'''
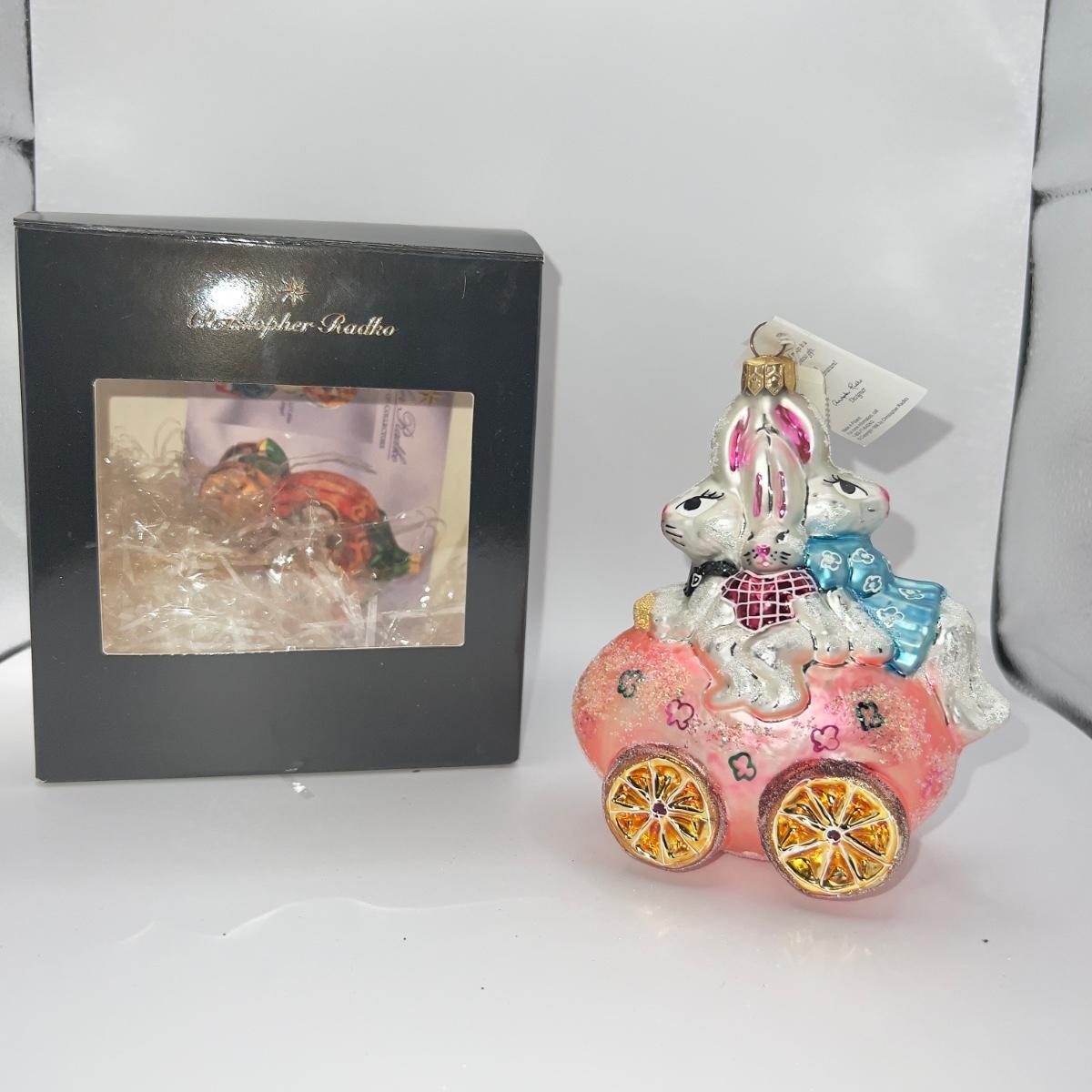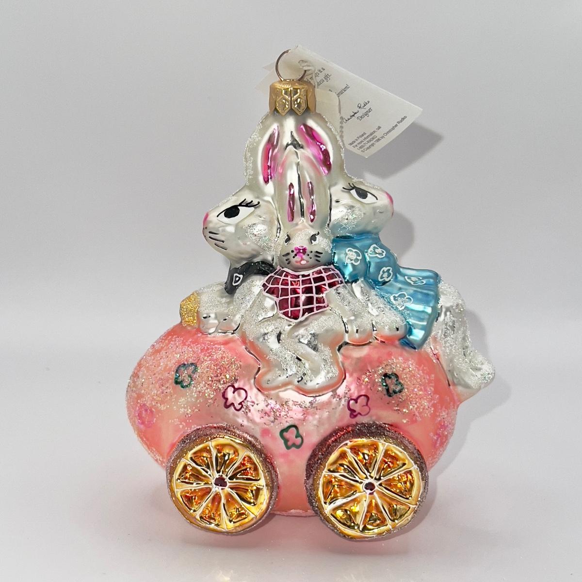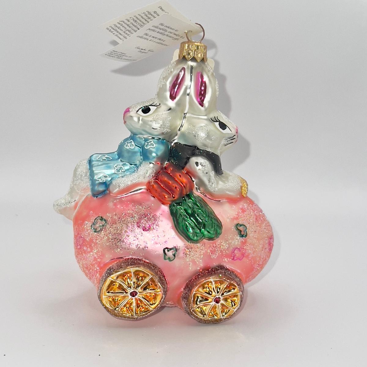 1255 Christopher Radko 1997 Bunmobile Bunny Glass Ornament
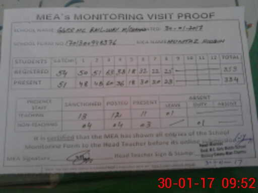 | Attendance Register | Head Teacher | MEA with School | Visit Proof |
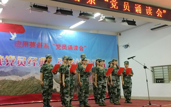 随着一个个优秀共产党员的名字一次次被提起,一篇篇动人事迹被深情昂扬地歌颂,现场不时响起热烈的掌声。最后,由应用英语系党总支主要负责人林鹏带来的配乐诗朗诵《可爱的中国》把诵读会气氛推向高潮。
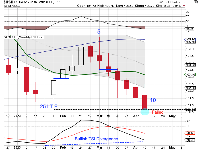 The dollar broke below the January low on Thursday. Breaking below the previous intermediate cycle low forms a failed intermediate cycle.
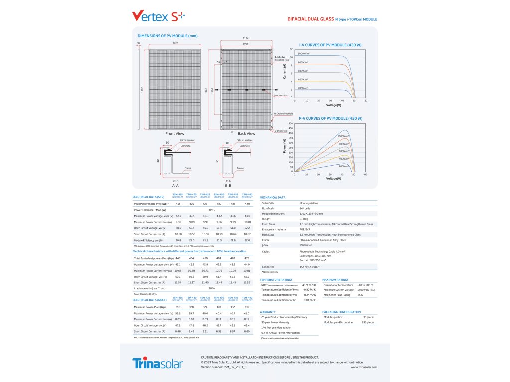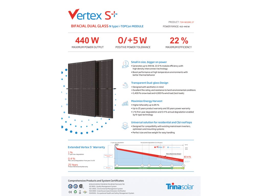 Fotovoltaický modul Trina 440 W z řady Vertex S+ Bifacial je vyroben z monokrystalických článků s technologii i-TOPcon typu N. Modul Vertex S+ má několik inovativních konstrukčních prvků, které umožňují dosáhnout vysokého výstupního výkonu. Dokonalý teplotní koeficient a nízká účinnost ozáření zajišťují ještě vyšší výkon. Navíc díky zapojení s vysokou hustotou může účinnost Vertex S + dosáhnout až 22 %.
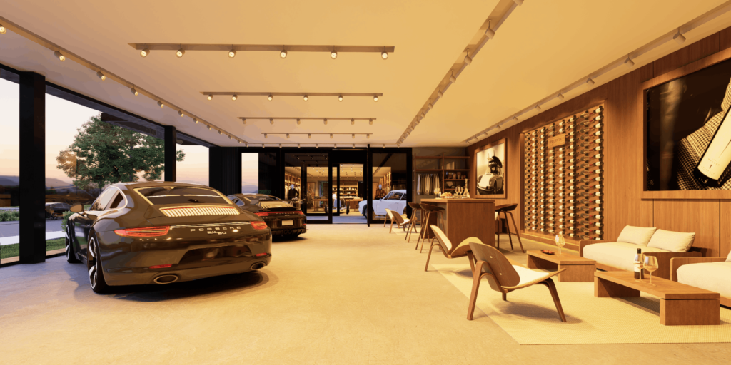 Allí, el público puede disfrutar de: una cava con la línea completa de vinos de Pulenta Estate, una selección curada de modelos Porsche en exhibición y una atmósfera minimalista y cuidadosamente diseñada.
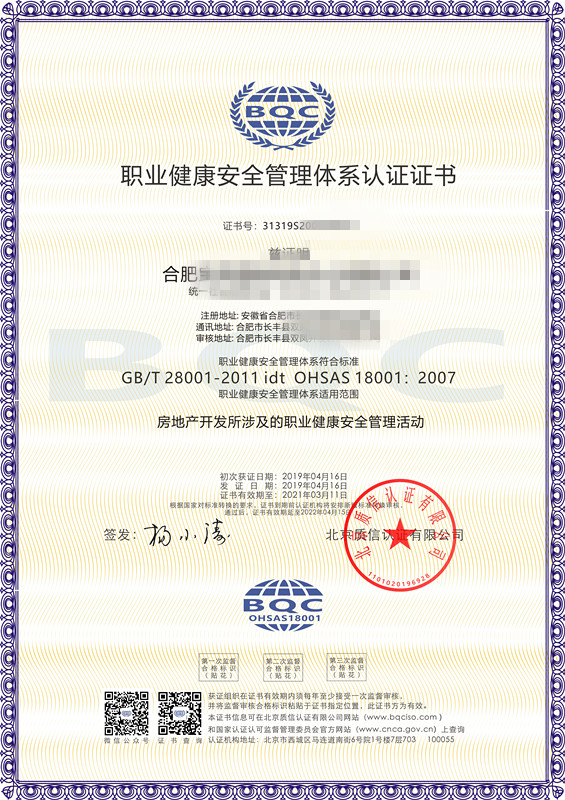 北京質(zhì)信認證有限公司安徽分公司
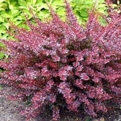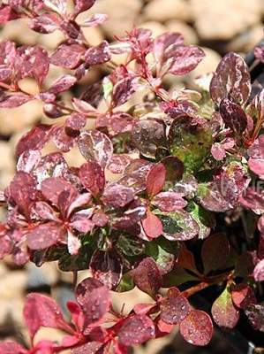 Барбарис Rosetta (Розетта). Колючий декоративный шаровидный лиственный кустарник с оригинальными пестрыми листьями. Высота взрослого растения не превышает 1,5 м. Молодые листья ярко-пурпурной окраски с розово-серыми и мраморными бронзово-красными разводами. Взрослые листья красно-пурпурной и тёмно-розовой окраски, с сероватыми пятнами и брызгами. Степень окраски листа будет зависеть от освещённости места, на котором посажен кустарник. Если растение расположено в тени, то декоративность листа теряется.
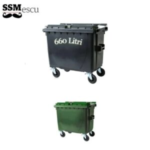 DescrierePubela 660 Litri, Din PlasticContainer gunoi cu capacitatea de 660 litri, realizat din material plastic rezistent la conditii atmosferice si factorii chimici sau biologici.Containerul respecta normele EN 840-2 si EN 840-3.Este dotat cu 4 roti dintre care 2 sunt prevazute cu frana, care se pot roti 360 grade.Manerele laterale asigura o manevrare eficienta si facila…
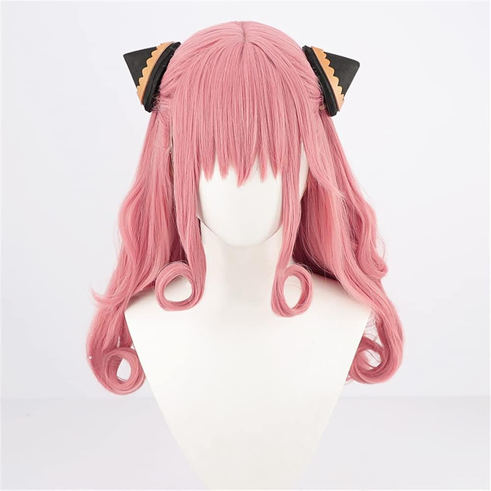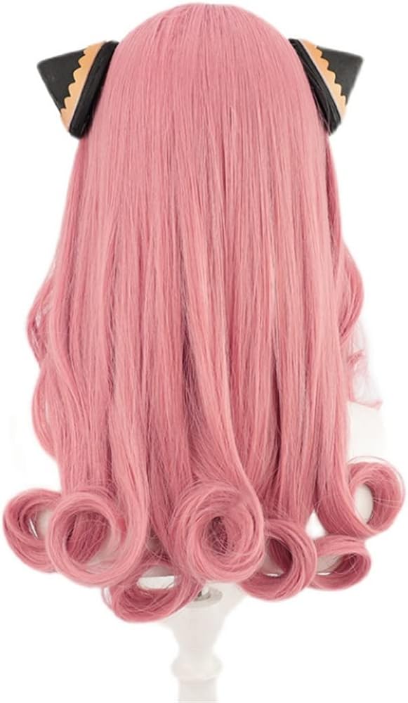 شعر مستعار أنيمي كوسبلاي مع دبابيس شعر شعر مستعار طويل للحفلات باللون الوردي للنساء والفتيات
'''
## [What the exercise asks]
Look above for the line with "Visit Proof |" and copy exactly from it through the line with "Fotovoltaický modul Trina", both included. Omit the pictures.

## [Result of this task]
 | Attendance Register | Head Teacher | MEA with School | Visit Proof |
 随着一个个优秀共产党员的名字一次次被提起,一篇篇动人事迹被深情昂扬地歌颂,现场不时响起热烈的掌声。最后,由应用英语系党总支主要负责人林鹏带来的配乐诗朗诵《可爱的中国》把诵读会气氛推向高潮。
 The dollar broke below the January low on Thursday. Breaking below the previous intermediate cycle low forms a failed intermediate cycle.
 Fotovoltaický modul Trina 440 W z řady Vertex S+ Bifacial je vyroben z monokrystalických článků s technologii i-TOPcon typu N. Modul Vertex S+ má několik inovativních konstrukčních prvků, které umožňují dosáhnout vysokého výstupního výkonu. Dokonalý teplotní koeficient a nízká účinnost ozáření zajišťují ještě vyšší výkon. Navíc díky zapojení s vysokou hustotou může účinnost Vertex S + dosáhnout až 22 %.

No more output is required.